By inhibiting cell wall synthesis, it then becomes damaged and the internal osmotic pressure causes the cell wall to rupture or burst because of the low osmotic pressure on the external environment. This stimulates the release of autolysosomes that digest the existing cell wall. Beta-lactam antibiotics are considered bactericidal agents.
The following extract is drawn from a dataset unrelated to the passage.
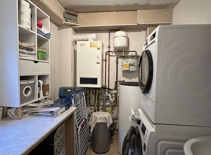 - eine Gaszentralheizung mit Warmwasserpufferspeicher
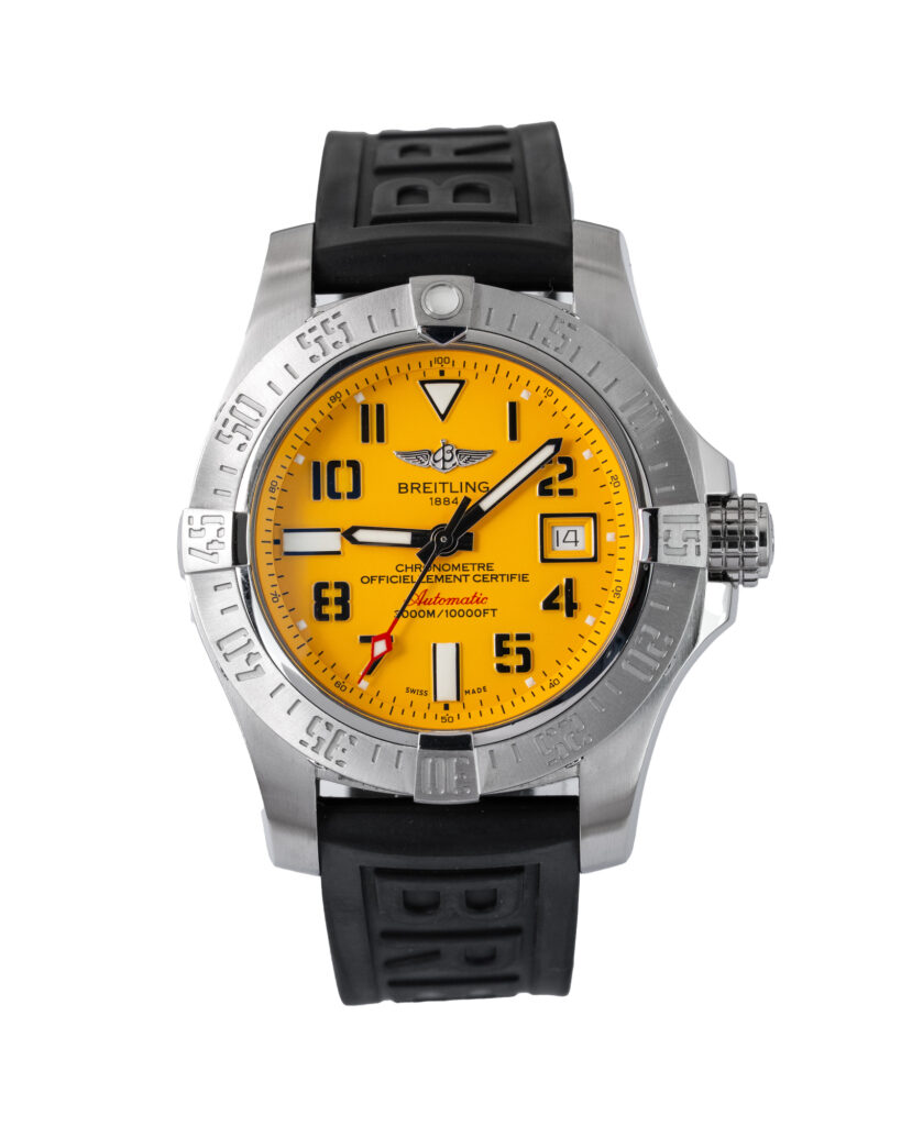 brand: Breitling Reference: A1733110 Model: Avenger II Seawolf case MATERIAL: Steel strap: Rubber case Size (MM): 45mm Dial colour: Yellow Bezel: Steel Year: 04/2016 Condition: Excellent Box papers : Paperwork/box

Take for example MRSA (Methicillin-resistant Staphylococcus aureus), a S. aureus strain that was discovered in 1961 to be resistant to the antibiotic methicillin. Webmd indicates that MRSA has now grown its resistance from methicillin to “amoxicillin, penicillin, oxacillin and many other common antibiotics” (MRSA). This increase in resistance of a methicillin-resistant strain of S. aureus can be attributed to the increasing use and overuse of antibiotics, not only in the doctor’s office but also in agriculture. MRSA is only one of many antibiotic resistant strains of bacteria. New resistant strains are evolving rapidly. According to Dr. Ed Warren, “there are high levels of antibiotic resistance in bacteria causing common infections (e.g. urinary tract infections, pneumonia, bloodstream infections) in all regions of the world” (21).